___ EXTRACTED ENTRIES ___
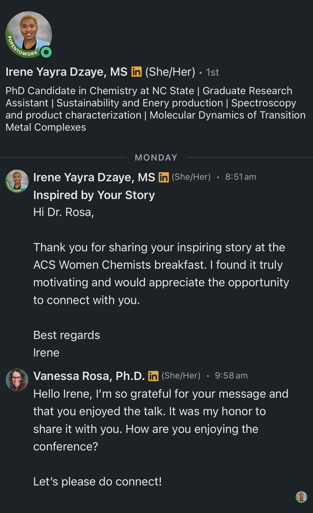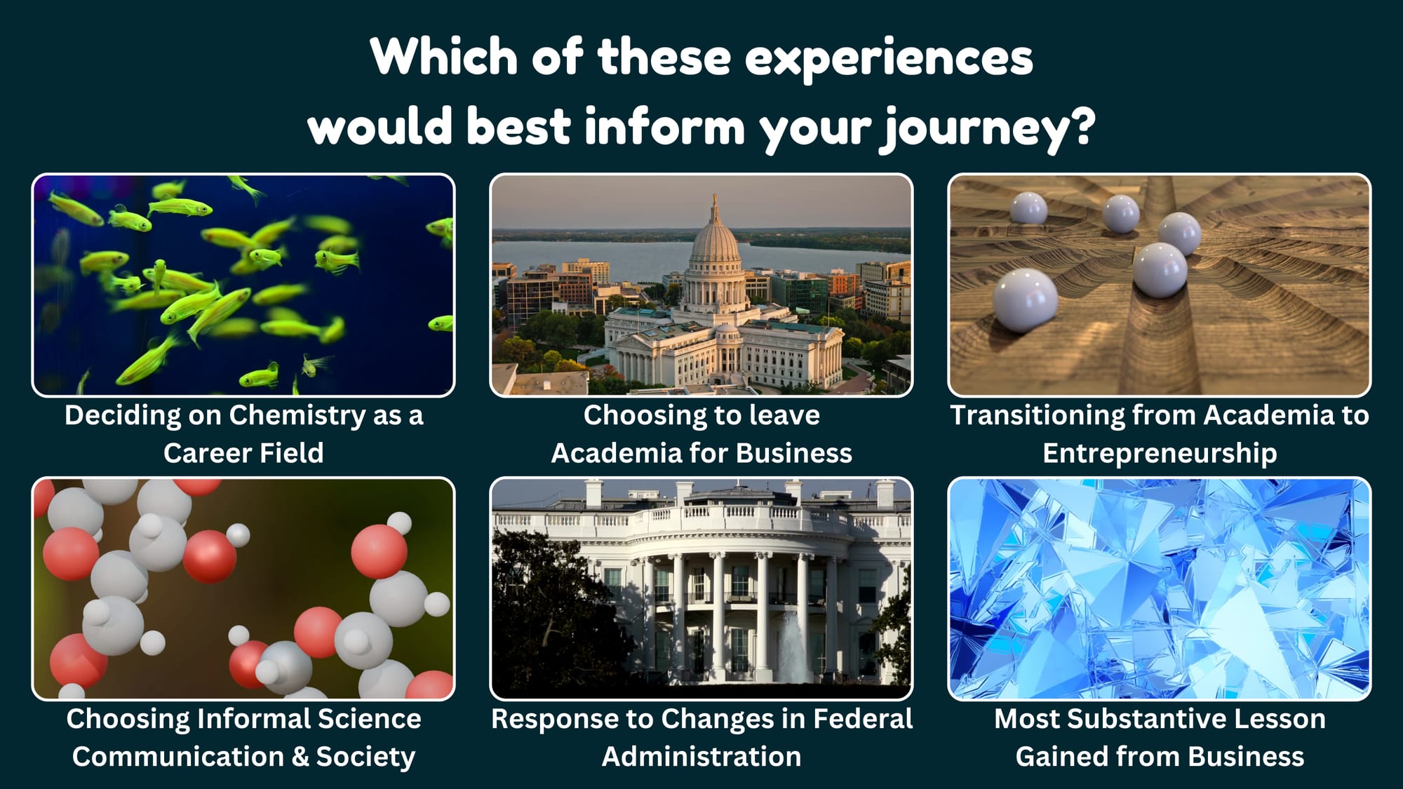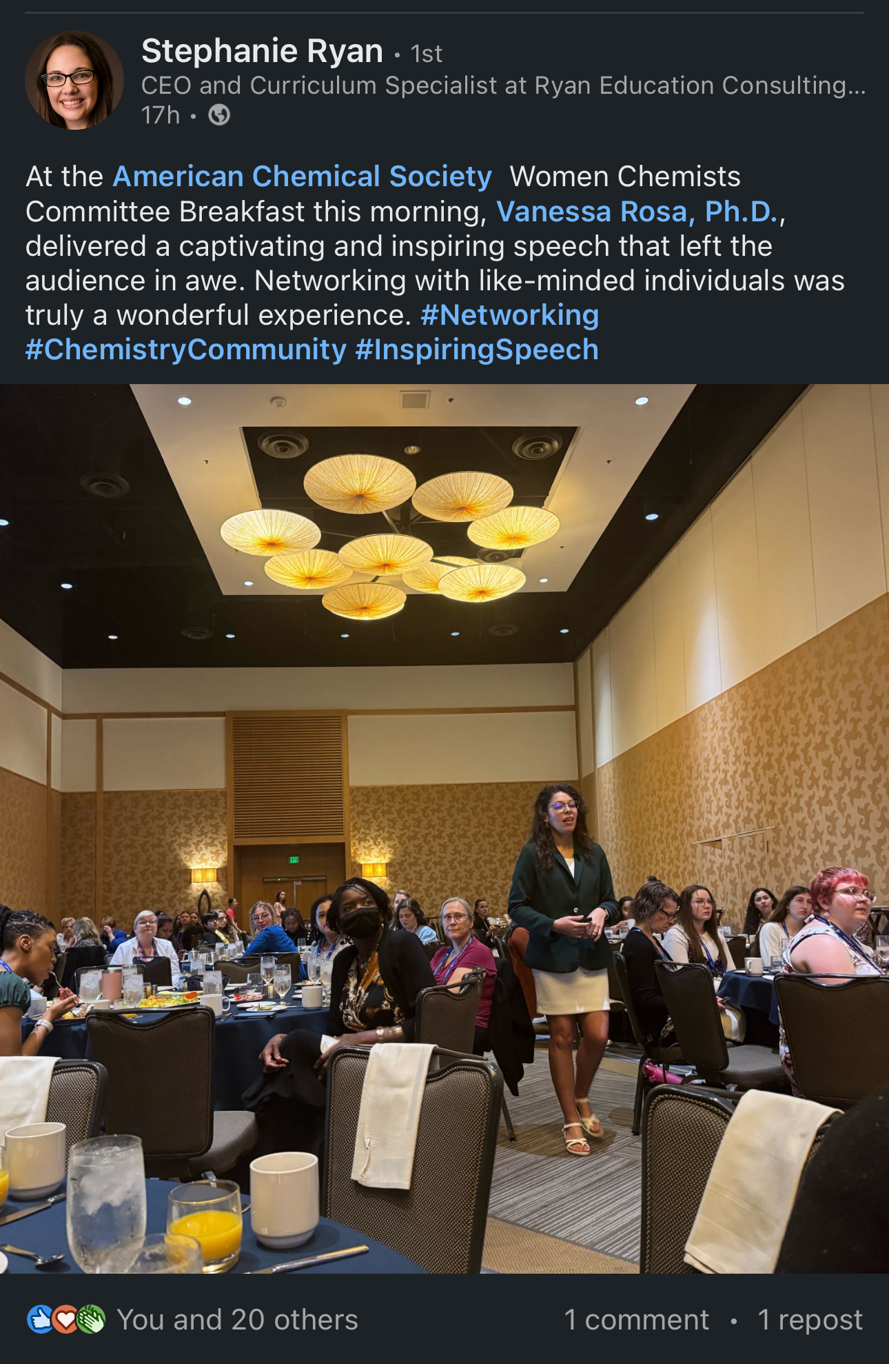 We were disappointed that you were unable to meet with us at ACS Fall 2024 meeting in Denver. After hearing about your story, we would like to try again... As both an entrepreneur and chemical educator with a unique life and career path, you can present your perspective which will be of great interest to all the breakfast attendants, many of whom are students or still developing their career path.
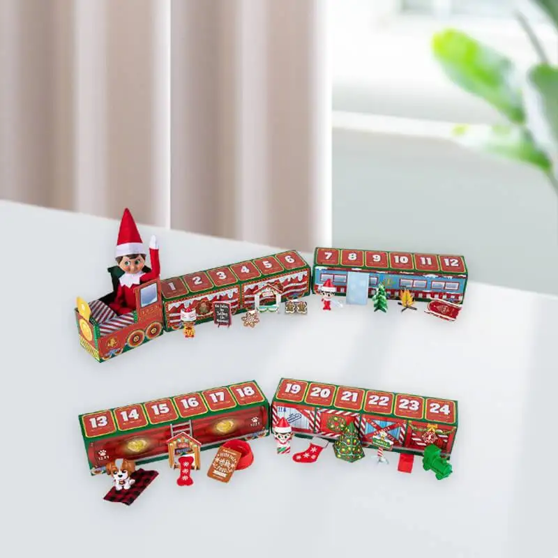 24 дня обратного отсчета, 1 набор, рождественские украшения, подарки для детей, мультяшный Рождественский эльф, бумажный поезд, игрушки, Прямая поставка
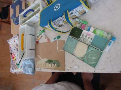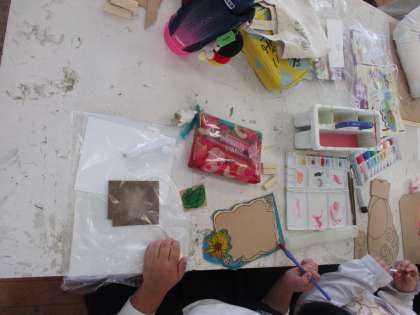 木の板なので、水の量など気をつかいながら丁寧に塗ることができていました。
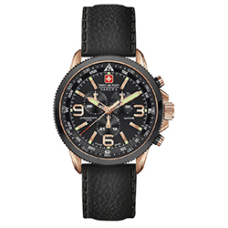 | 4. Swiss Military Hanowa Arrow Chrono 6-4224-09-007: стальной корпус с PVD-покрытием из розового золота, чёрный циферблат, чёрный ремешок. |
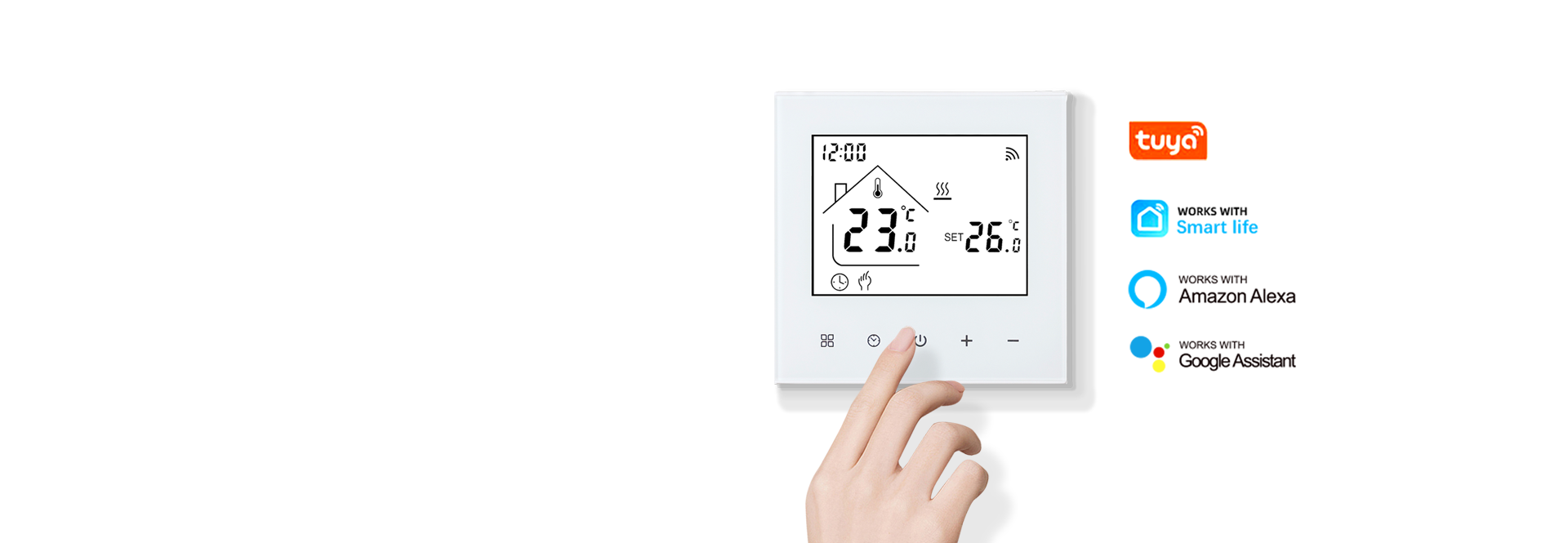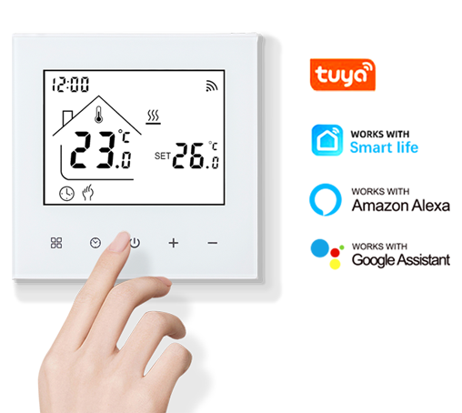 Smart, precise and reliable, this furnace thermostat is your ideal temperature management partner. Voice-compatible with Yandex Alice, Amazon Alexa and Google Home, and controllable remotely via the Tuya app, it simplifies daily temperature adjustments. Its scratch-resistant backlit LED touch screen ensures clear visibility, while the dual manual/automatic modes adapt to different usage scenarios. With built-in ambient and floor sensors, it achieves ±1°C accuracy and 6 daily programmable settings. Plus, power-off memory and child lock functions add extra convenience and safety.
___
* GOAL OF THE EXERCISE
Excluding the pictures, output every entry above without alteration.

* ANSWER BELOW
 We were disappointed that you were unable to meet with us at ACS Fall 2024 meeting in Denver. After hearing about your story, we would like to try again... As both an entrepreneur and chemical educator with a unique life and career path, you can present your perspective which will be of great interest to all the breakfast attendants, many of whom are students or still developing their career path.
 24 дня обратного отсчета, 1 набор, рождественские украшения, подарки для детей, мультяшный Рождественский эльф, бумажный поезд, игрушки, Прямая поставка
 木の板なので、水の量など気をつかいながら丁寧に塗ることができていました。
 | 4. Swiss Military Hanowa Arrow Chrono 6-4224-09-007: стальной корпус с PVD-покрытием из розового золота, чёрный циферблат, чёрный ремешок. |
 Smart, precise and reliable, this furnace thermostat is your ideal temperature management partner. Voice-compatible with Yandex Alice, Amazon Alexa and Google Home, and controllable remotely via the Tuya app, it simplifies daily temperature adjustments. Its scratch-resistant backlit LED touch screen ensures clear visibility, while the dual manual/automatic modes adapt to different usage scenarios. With built-in ambient and floor sensors, it achieves ±1°C accuracy and 6 daily programmable settings. Plus, power-off memory and child lock functions add extra convenience and safety.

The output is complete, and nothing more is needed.